“Houses on the beach at Dauphin Island, AL, where the Katrina storm blew dozens of houses of the elevated pilings which held them, ruined most of the rest which remained. Here, what was once a house on the beach, is now just the piling supports, and because of the storm, the beach itself is now 30 meters further out than before the storm.” D.B.
David Burnett is a well-known and well-respected photojournalist whose work has covered more than four decades. The variety and scope of his work is impressive. His unique style and eye make his photographs memorable. He is a photographer with a carefully chosen bag of cameras who transforms his photographs into memorable visions.
Please take a moment to view and pause with his work to see what a photographer can create. Rfotofolio is pleased to introduce the first our interviews with David Burnett.
Please tell us about yourself and how you started your career in photography?
I began shooting in high school (age 16) in Salt Lake City, working for the annual “Yearbook” – photographing sports, the various clubs, and making candid pictures around school. I was mesmerized as were many of my friends by the magic of seeing a white piece of photo paper turn into a photograph in the Dektol, and the excitement of seeing that happen has never diminished, even though I don’t do lab work anymore, and use digital cameras for a good deal of my work. I began selling pictures by the time I was 17, working for local newspapers, and it was seeing my pictures in print which made me want to be a magazine photographer.
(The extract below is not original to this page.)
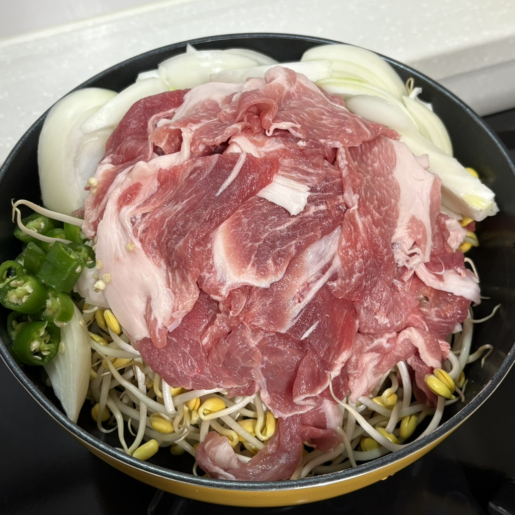- 콩나물 300g, 고기300g (더 넣어도 됩니다!), 양파 반개, 청양고추 한개

What photographers have inspired you?
There is a long list of great photographers, and it includes, from the early days: Robert Capa, David Douglas Duncan (his book, Yankee Nomad really made me understand the world was ours to explore), Cartier-Bresson who could take the simplest non-event and make a stunning image of it, Eisenstadt who proved that you can always make a good picture. Later, I met Larry Burrows in Vietnam shortly before he was killed, but I loved the self-assurance and understanding of his subjects which he showed. Erich Salomon, the master of the Ermanox who took pictures in ways no one had before. He really helped to invent photojournalism. I wonder, in fact, if today’s young photographers take the time and trouble to see beyond the current generation, and understand more of who the great photojournalists were of the last 75 years. I worry that the self-congratulatory aspect of digital (wow! Look! I just took a picture, and now I’m looking at it!!) clouds the view of young photographers, who I believe could learn a great deal by spending some time seeing what the great masters of the craft did with simple cameras, and a personal vision.
What do you look for as you are composing your images. You use a variety of cameras in different formats, can you share why you chose to photograph this way?
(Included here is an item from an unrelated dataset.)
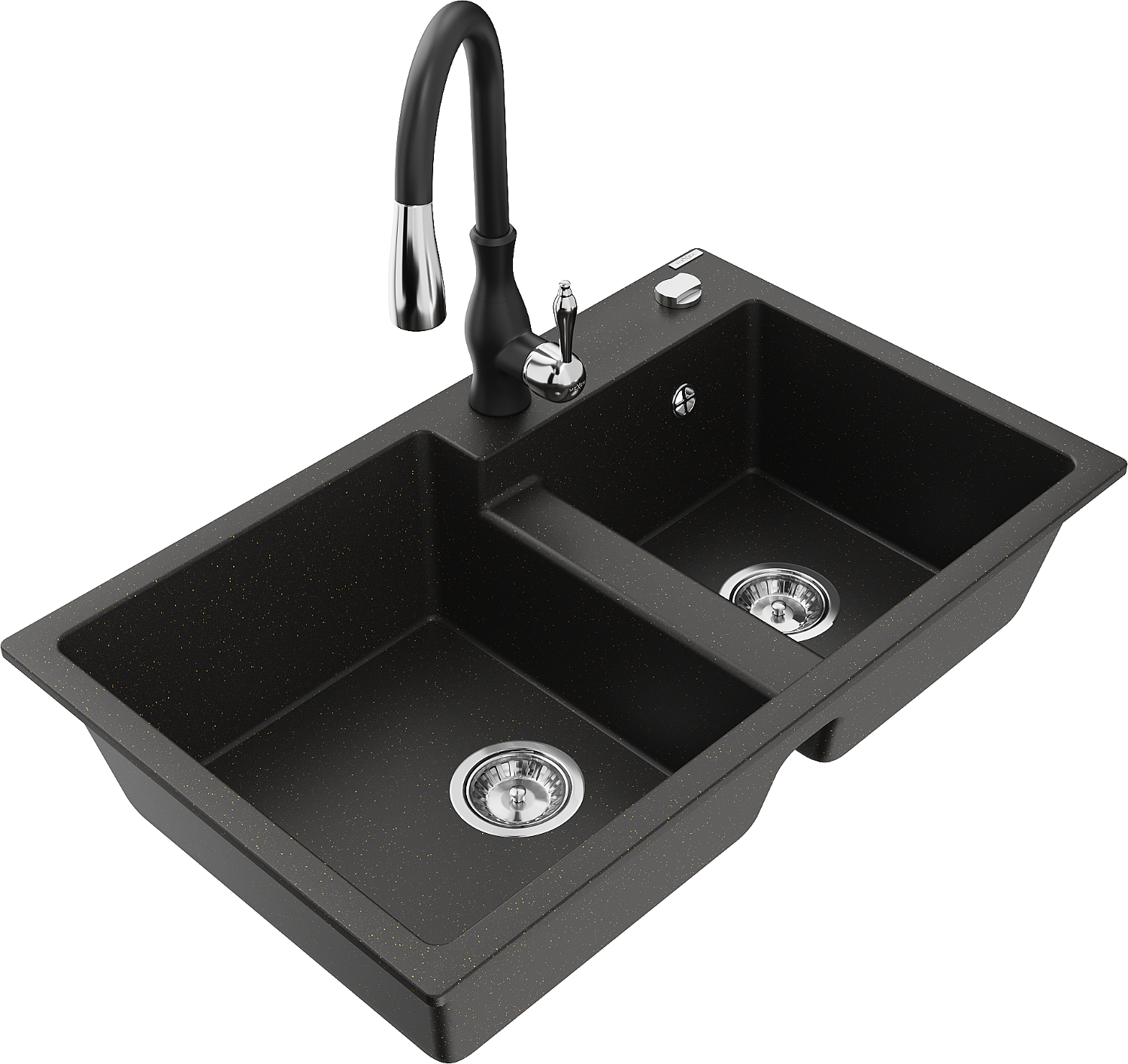 Mexen Tomas chiuvetă de granit cu 2 compartimente și baterie de bucătărie Savita, negru/auriu metalizat - 6516-75-672601-70

It is very intuitive. I don’t really ‘calculate’ it so much as just ‘feeling’ it…what seems like it might be right. You try to make a choice, you look thru the finder, and some times it works, and mostly it doesn’t and you have to go back to square one and rethink it. Much of what we do is very intuitive, you have to feel it in your gut. It is something you can’t really teach, although I think you can be taught to be smart and tough on yourself. In the end, that is what makes photographers good photographers: an ability to keep seeing in places where most people see very little.
How did the series “Aftermath” come up and how does one prepare for that kind of project?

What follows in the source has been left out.